Chen Mingshuai, Zhang Xin, Ju Ying, Liu Qing, Ding Yijie

机构信息

Institute of Fundamental and Frontier Sciences, University of Electronic Science and Technology of China, Chengdu, China.

Yangtze Delta Region Institute (Quzhou), University of Electronic Science and Technology of China, Quzhou, Zhejiang, China.

出版信息

Math Biosci Eng. 2022 Sep 19;19(12):13829-13850. doi: 10.3934/mbe.2022644.

Abstract

Biological sequence analysis is an important basic research work in the field of bioinformatics. With the explosive growth of data, machine learning methods play an increasingly important role in biological sequence analysis. By constructing a classifier for prediction, the input sequence feature vector is predicted and evaluated, and the knowledge of gene structure, function and evolution is obtained from a large amount of sequence information, which lays a foundation for researchers to carry out in-depth research. At present, many machine learning methods have been applied to biological sequence analysis such as RNA gene recognition and protein secondary structure prediction. As a biological sequence, RNA plays an important biological role in the encoding, decoding, regulation and expression of genes. The analysis of RNA data is currently carried out from the aspects of structure and function, including secondary structure prediction, non-coding RNA identification and functional site prediction. Pseudouridine (У) is the most widespread and rich RNA modification and has been discovered in a variety of RNAs. It is highly essential for the study of related functional mechanisms and disease diagnosis to accurately identify У sites in RNA sequences.

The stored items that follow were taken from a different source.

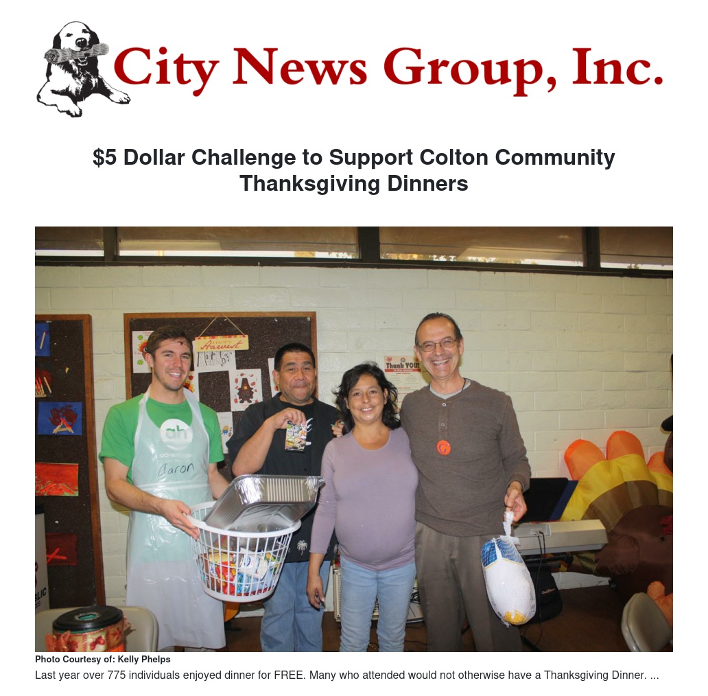 Colton community members are challenged to donate $5 dollar per family member to help support the Community Thanksgiving Dinners. Business and Corporations are invite too!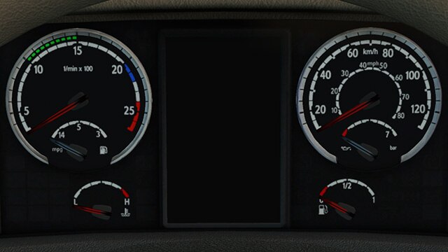 Realistic HD Gauges for Scania R/Scania Streamline Features: -Reworked tachometer & speedometer ring (rounder geometry with realistic black markings) -High resolution LHD speedometer -New UK Speedometer (km/h main display with mph overlay) -Fuel consumption gauge is in mpg for UK version Credits: Oscar |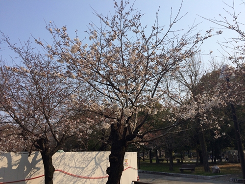 つい先ほど平和公園に行って見ました〜!開花がすすんでいましたね〜!川沿いの桜並木はまだまだつぼみがほとんどなのですが、平和公園の中の桜で結構開花がすすんでいるところがありました〜!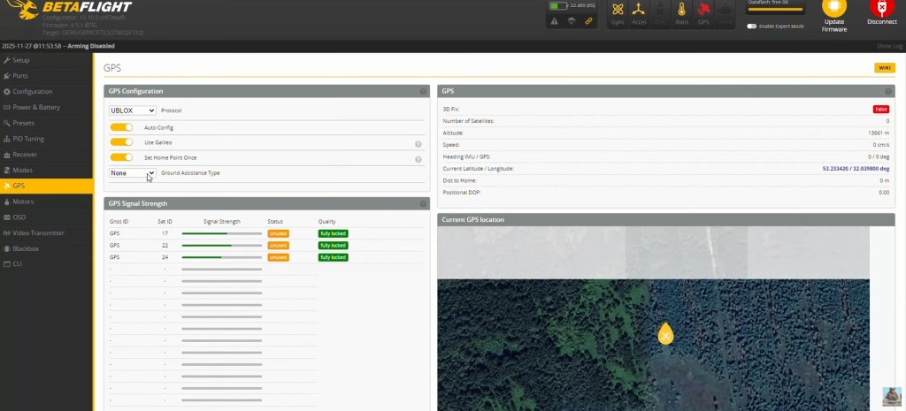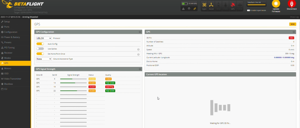 Looking at the GPS tab we can see Sats starting to get locked so we have success, GPS is now working with the D5.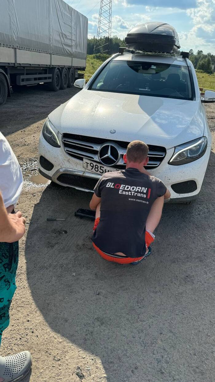 Внаглую подойдя к фурам, которым делать нечего (они в объезд не пойдут, а дорога закрыта), мы любезно попросили их нам помочь)))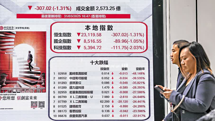 華富建業證券投資策略聯席總監阮子曦說,港股首季表現突出,但本周情勢風高浪急,主要因4月2日美國將實施其「對等關稅」計劃,令市場胃納及想法都呈較負面的方向。亞太區主要股市下挫,日股更創去年9月以來的最大單日跌幅,連台股也跌逾4%,見逾7個月低位。他認為,恒指一旦失守23,000點,預估下一個防守線將下移至50天線,即約22,400點附近。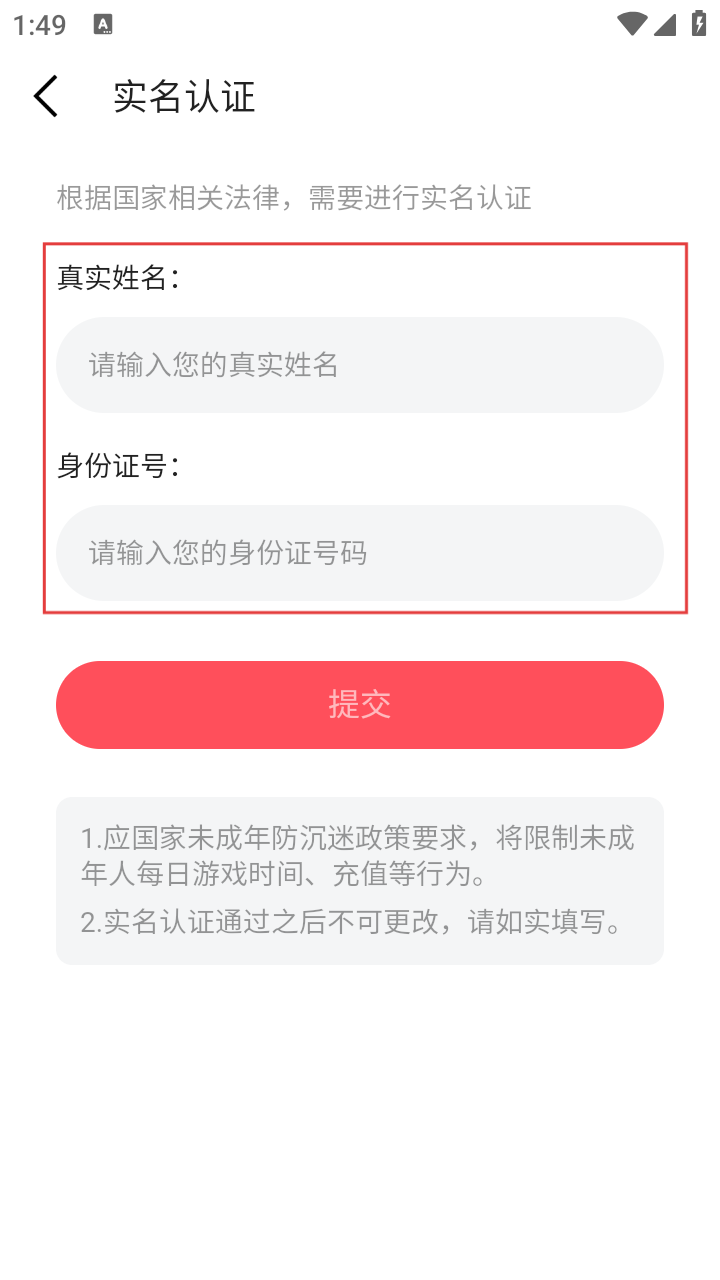 4、在实名认证页面,依次输入真实姓名、身份证号,点击【提交】,完成实名认证。
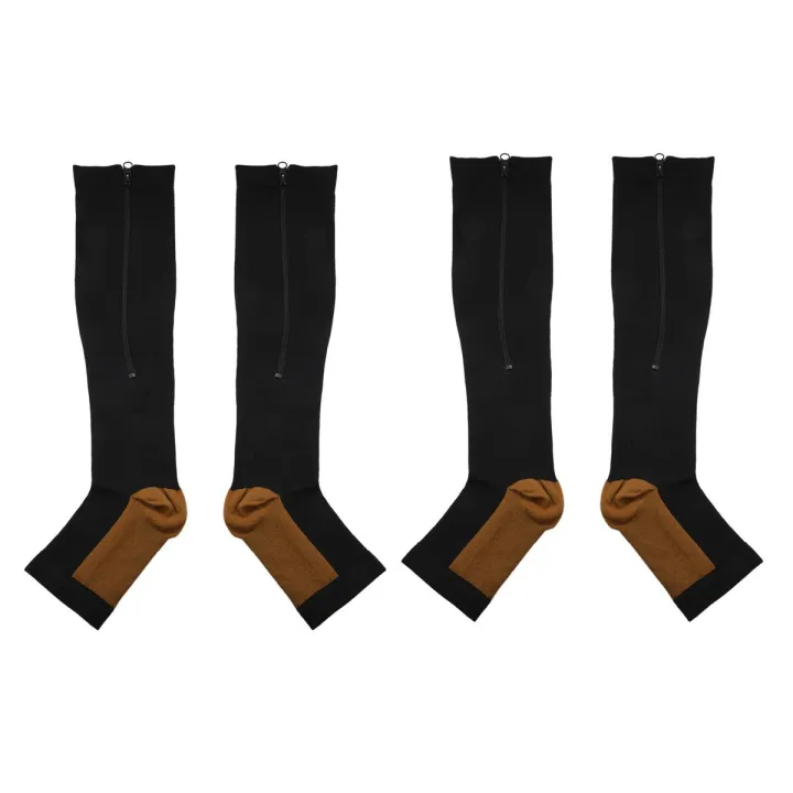 2X Compression Stockings Nylon Zipper Compression Sock Leg Knee Support Open Toe Varicose Veins Stretch Socks(Black)XXL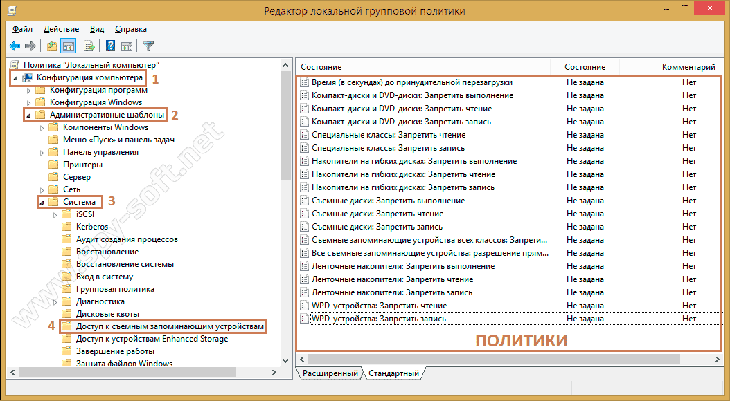 В данном случае нас интересуют политики касающееся съемных носителей. Однако здесь можно настроить работу с дисками (компакт, DVD, гибкими), ленточными накопителями и другими устройствами.
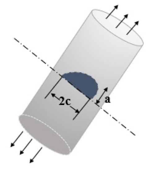Linear elastic fracture mechanics theory was used to compare crack propagation in immersed and aired specimens. The cracks in the specimens were generalized as defects with semielliptical forms, as is shown in Figure 4.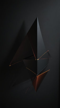 A striking triangular sculpture composed of layered metallic shapes stands in a dimly lit studio. The golden and silver colors are enhanced by a soft glow, creating a captivating visual effect.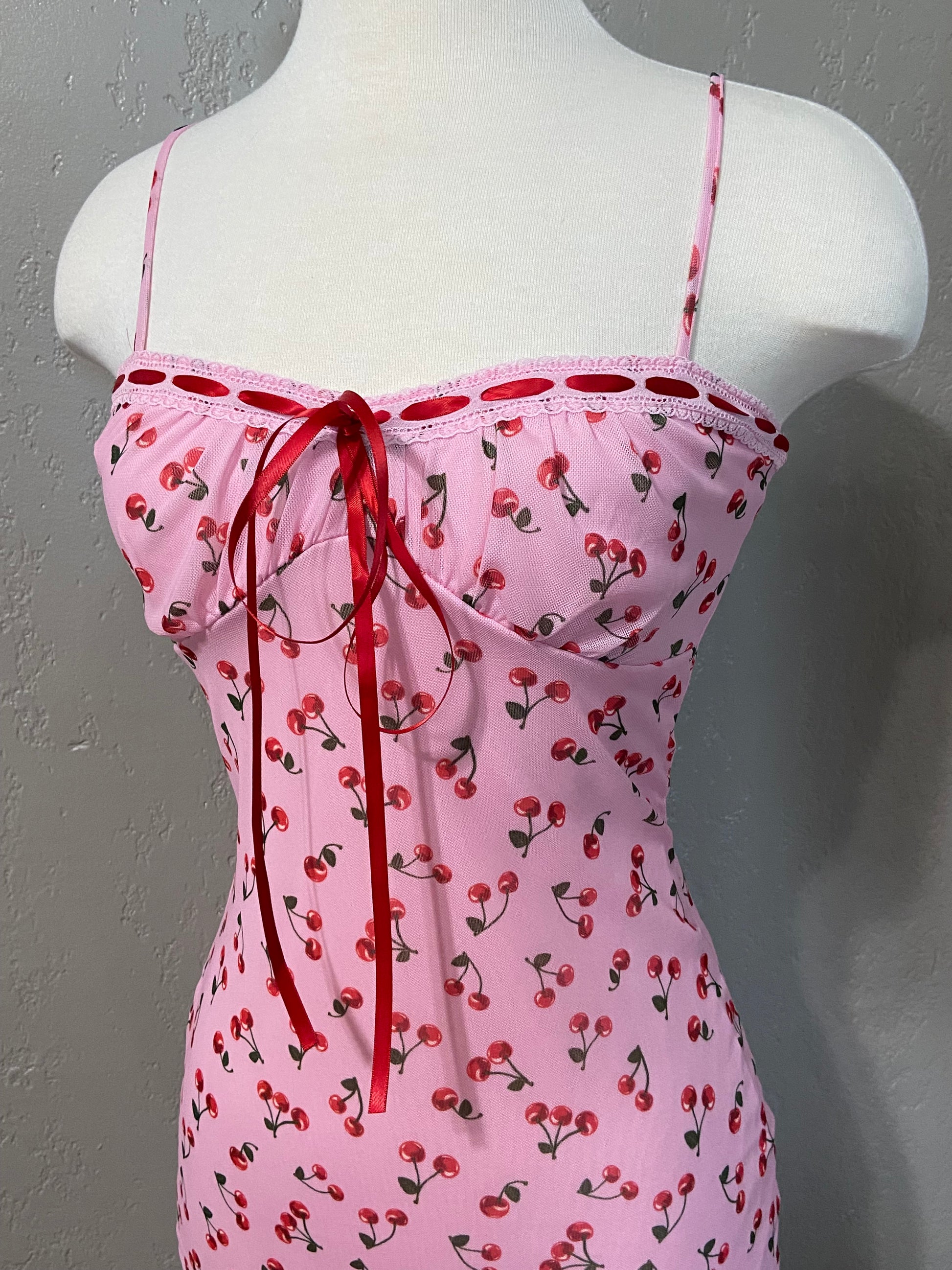 Pink mini mesh material dress that has a cherry print all around. Front scoop with a satin ribbon tie. Straight back cutout. No adjustable straps

At present, several computational approaches have been suggested as an alternative to experimental methods to detect У sites, but there is still potential for improvement in their performance. In this study, we present a model based on twin support vector machine (TWSVM) for У site identification. The model combines a variety of feature representation techniques and uses the max-relevance and min-redundancy methods to obtain the optimum feature subset for training. The independent testing accuracy is improved by 3.4% in comparison to current advanced У site predictors. The outcomes demonstrate that our model has better generalization performance and improves the accuracy of У site identification. iPseU-TWSVM can be a helpful tool to identify У sites.

摘要

生物序列分析是生物信息学领域一项重要的基础研究工作。随着数据的爆炸式增长,机器学习方法在生物序列分析中发挥着越来越重要的作用。通过构建预测分类器,对输入的序列特征向量进行预测和评估,从大量序列信息中获取基因结构、功能和进化等知识,为研究人员开展深入研究奠定基础。目前,许多机器学习方法已应用于生物序列分析,如RNA基因识别和蛋白质二级结构预测。RNA作为一种生物序列,在基因的编码、解码、调控和表达中发挥着重要的生物学作用。目前对RNA数据的分析主要从结构和功能方面进行,包括二级结构预测、非编码RNA识别和功能位点预测。假尿苷(Ψ)是分布最广泛、含量最丰富的RNA修饰,已在多种RNA中被发现。准确识别RNA序列中的Ψ位点对于相关功能机制研究和疾病诊断至关重要。目前,已有多种计算方法被提出作为检测Ψ位点的实验方法的替代方法,但其性能仍有提升空间。在本研究中,我们提出了一种基于孪生支持向量机(TWSVM)的Ψ位点识别模型。该模型结合了多种特征表示技术,并采用最大相关最小冗余方法获取用于训练的最优特征子集。与当前先进的Ψ位点预测器相比,独立测试准确率提高了3.4%。结果表明,我们的模型具有更好的泛化性能,提高了Ψ位点识别的准确性。iPseU-TWSVM可以成为识别Ψ位点的有用工具。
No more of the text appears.